To further improve the blood flow and avoid bulky accumulation of material within the bifurcation, it is preferred to provide a medical device as depicted above, wherein the wall thickness of the distal portion of the second stent overlapping the proximal portion of the first stent is reduced compared to the wall thickness of the portion of the second stent not overlapping the first stent. Alternatively, or additionally, in a further preferred embodiment of the present invention the wall thickness of the proximal portion of the first stent overlapping the distal portion of the second stent is reduced compared to a wall thickness of the portion of the first stent not overlapping the second stent.

In order to allow either the opening of the second stent at the bifurcation or the insertion of a third stent covering or supporting the second leg of the bifurcation it is important to provide a passage from the interior of the second stent 10 to the exterior of the first stent 20 passing the stent overlapping portion between the inner surface of the second stent and the outer surface of the first stent. This is accomplished by pre-cannulation means 90.

In one embodiment, a guide wire is provided crossing the stent overlapping zone. In view of the fact however, that expansion of the stent will most likely compress also the passage between the stents, there remains some risk that the guide wire is stuck between the overlapping stents and a catheter cannot be advanced over the guide wire and cross the passage due to the tight gap left in between the stents. Accordingly, in a preferred embodiment, the cannulation means 90 is an expandable tube. In this embodiment, a second guide wire will be preloaded into the tube. Once the stent assembly of first and second stent is delivered, i.e. positioned and expanded at the bifurcation of the vessel, a second balloon catheter carrying a third stent will be loaded over the second guide wire, the second balloon catheter carrying a third stent will be advanced over the guidewire until a proximal portion of the third stent will overlap a distal portion of the second stent and the second balloon will be expanded, simultaneously expanding the third stent and the pre-cannulation tube as well as the distal portion of the second stent to provide an opening of the stent assembly into the second leg of the bifurcation. In this embodiment the expandable tube will remain trapped in-between the second stent and the third stent once the stenting procedure is finalized.

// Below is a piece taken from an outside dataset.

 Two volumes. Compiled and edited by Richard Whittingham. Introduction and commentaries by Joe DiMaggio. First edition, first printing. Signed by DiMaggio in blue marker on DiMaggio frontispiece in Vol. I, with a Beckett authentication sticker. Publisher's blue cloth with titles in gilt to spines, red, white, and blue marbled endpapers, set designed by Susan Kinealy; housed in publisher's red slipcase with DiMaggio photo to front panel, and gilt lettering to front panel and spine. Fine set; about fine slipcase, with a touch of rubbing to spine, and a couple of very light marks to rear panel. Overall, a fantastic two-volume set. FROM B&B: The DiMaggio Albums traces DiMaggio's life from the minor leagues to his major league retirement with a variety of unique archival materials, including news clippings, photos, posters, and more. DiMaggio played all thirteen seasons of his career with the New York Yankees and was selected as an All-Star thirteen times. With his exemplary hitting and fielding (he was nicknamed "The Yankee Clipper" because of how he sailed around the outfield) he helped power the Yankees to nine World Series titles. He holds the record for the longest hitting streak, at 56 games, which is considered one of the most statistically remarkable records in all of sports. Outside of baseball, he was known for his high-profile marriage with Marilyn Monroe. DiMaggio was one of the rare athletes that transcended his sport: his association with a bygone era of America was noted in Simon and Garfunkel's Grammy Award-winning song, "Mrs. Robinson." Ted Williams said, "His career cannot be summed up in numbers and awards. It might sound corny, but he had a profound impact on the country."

In another embodiment of the present invention the pre-cannulation means 90 is a short tube or rod which is connected to the balloon catheter at at least one portion proximal of the region of stent overlap. The tube or rod remains between the first and the second stent during expansion and placement of the stent assembly in the vessel, thereby serving as a place holder to allow a little gap or passage between the stents once the balloon catheter is retracted from the vessel upon deployment of the stent assembly. In a next step, a guide wire can be placed across the stent passage. Alternatively, the guide wire can already be placed across the passage through the tube while the catheter is still in the vessel. In this embodiment, the guide wire stays in place once the balloon is retracted.

In a further alternative embodiment, the pre-cannulation means 90 is a supplementary balloon catheter with a supplementary balloon positioned between the first and second stent and being inflatable separately from the balloon catheter. This supplementary balloon catheter may be also be preloaded on a second guide wire.

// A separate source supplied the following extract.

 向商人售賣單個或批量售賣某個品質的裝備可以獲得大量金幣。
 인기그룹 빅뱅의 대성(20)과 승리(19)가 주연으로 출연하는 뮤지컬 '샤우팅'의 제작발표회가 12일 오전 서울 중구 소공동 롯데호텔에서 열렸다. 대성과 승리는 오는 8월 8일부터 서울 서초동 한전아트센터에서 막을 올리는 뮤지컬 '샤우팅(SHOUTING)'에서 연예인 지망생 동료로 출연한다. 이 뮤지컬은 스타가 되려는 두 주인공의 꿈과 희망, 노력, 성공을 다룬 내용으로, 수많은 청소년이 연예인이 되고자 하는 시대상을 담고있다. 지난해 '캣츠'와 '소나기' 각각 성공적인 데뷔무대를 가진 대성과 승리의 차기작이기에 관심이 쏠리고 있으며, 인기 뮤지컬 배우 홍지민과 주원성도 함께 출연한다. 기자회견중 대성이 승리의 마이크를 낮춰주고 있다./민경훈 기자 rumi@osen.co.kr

Once the stent assembly of first and second stent overlapping is delivered, the passage across the stent overlap can be widened by expanding the supplementary balloon upon expansion of the stents and deflation of the balloon of the medical device to allow crossing the passage with a second balloon catheter carrying a third stent.

The stents of the medical device of the present inventions can be bare metal balloon expandable stents or even preferred at least one of the first or second stent is at least partially covered with a membrane.

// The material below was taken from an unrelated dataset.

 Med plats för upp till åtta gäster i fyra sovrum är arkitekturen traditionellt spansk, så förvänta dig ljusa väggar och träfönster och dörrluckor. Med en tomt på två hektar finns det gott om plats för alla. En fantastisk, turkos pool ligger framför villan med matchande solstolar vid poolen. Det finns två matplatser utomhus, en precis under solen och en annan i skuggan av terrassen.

In the present application there is further provided a kit comprising the medical as depicted in any of the embodiments described above and a second balloon catheter carrying a third stent.

In a further embodiment, also this third stent can be at least partially covered. In a most preferred embodiment all three stents are covered with a membrane to allow full coverage of all lesions in the bifurcation to be treated.

In a further aspect of the present invention there is disclosed a stent assembly of three stents for stenting a bifurcation. As depicted in Fig. 3, the stent assembly 180 comprises a first stent 20 having a first diameter, a second stent 10 having a second diameter, the second diameter being greater than the first diameter, and a third stent 80 having a third diameter, the third diameter being smaller than the second diameter, wherein the first and third stent are arranged in parallel to each other and wherein a distal portion of the second stent 10’ overlaps both, a proximal portion 20” of the first stent and a proximal portion 80” of the third stent. The stent assembly 180 depicted in Fig. 3 is shown in its delivered stat implanted into a bifurcated vessel 150. The overlapping zone of the first and second stent 100 and the overlapping zone of the third and the second stent are located side by side and proximal of the crotch of the bifurcation.

In a preferred embodiment of the present invention a wall thickness of the distal portion of the second stent overlapping the proximal portion of the first stent and/or the third stent is reduced compared to a wall thickness of the portion of the second stent not overlapping the first stent.

In a further preferred embodiment, the wall thickness the proximal portion of the first and/or third stent overlapping the distal portion of the second stent is reduced compared to a wall thickness of the portion of the first and/or third stent not overlapping the second stent.

As already disclosed above, any of this first, second and third stent can be covered at least partially by a membrane or can be fully covered by a membrane.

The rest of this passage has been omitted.